2026年1月15日木曜日

1037 番組、ねるとん紅鯨団

 

タケシの番組でロケを担当させたMカメラマンを、ねるとんに起用、ロケの経験が豊富で、他のカメラマンとの連携がスムーズに行ったのである。

勿論オールロケで、これ程充実した内容の番組が出来る、という事で、業界では予想以上の評価を得る事になったのである。

労使問題で青息吐息だった会社が、誰もが目を疑う活況ぶりだ。

当然、業界では注目され、後にフジテレビ100%子会社と成って行く。

アナウンサーの早稲田出身、露木氏はじめ、東大、慶応出身者が周りにゴロゴロいるが、ひかるは益々異彩を発揮していく。

威張る事なく、腰が低い、テレビの命は番組だ!、と茶の間を意識。

人間として生まれ、一番愚かな事、一番の不幸は、せっかく親から貰った知恵を、使う事なく、墓場へ持っていく事だ!

とひかるの口癖は響き渡っていた。

当時、テレビ局はカラー放送、ネット局充実へと殆んどの資金、人材が当てられ、番組の内容がスタジオ中心で、マンネリ化している事に気が付く人はいなかった。

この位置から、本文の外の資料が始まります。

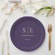 Esta moda de placa de papel minimalista de color morado y boda dorado se puede personalizar con sus iniciales de monograma, nombres y fecha especial. Diseñado por Thisisnotme©
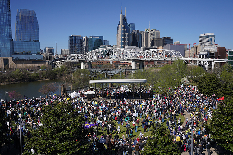 В столице страны, Вашингтоне протестующие, пришедшие к месту сбора ранним утром, прошли маршем под названием «Марш на Вашингтон» от Мемориального моста до Монумента Вашингтона. Тысячи демонстрантов с плакатами и лозунгами раскритиковали администрацию Трампа, особенно за удары по Ирану, наносимые совместно с Израилем с 28 февраля.

ひかるにとって、テレビは単なるテレビでなく、何時までも魔法の箱であって欲しい。

テレビには、団欒があり、子供達はテレビで育ち、教育にまで影響しかねない。

新しい知識を得る場でもあり、遥か彼方の山や川、望遠鏡ですら見えない風景や景色がある。

行った事もない、国や場所で営まれる人々の生活も垣間見られる。

ふるさとがあり、夢があったり、人々は生涯、どれくらいテレビと対面するのだろうか・・

子供の頃見た、魔法の箱、テレビは未来永劫、魔法の箱だ。

テレビの、命は番組です。

知性、感性、人間性にあふれる番組を作り、感動、興奮を、お茶の間へ届けよう。

そして、テレビに恋した男が贈る言葉。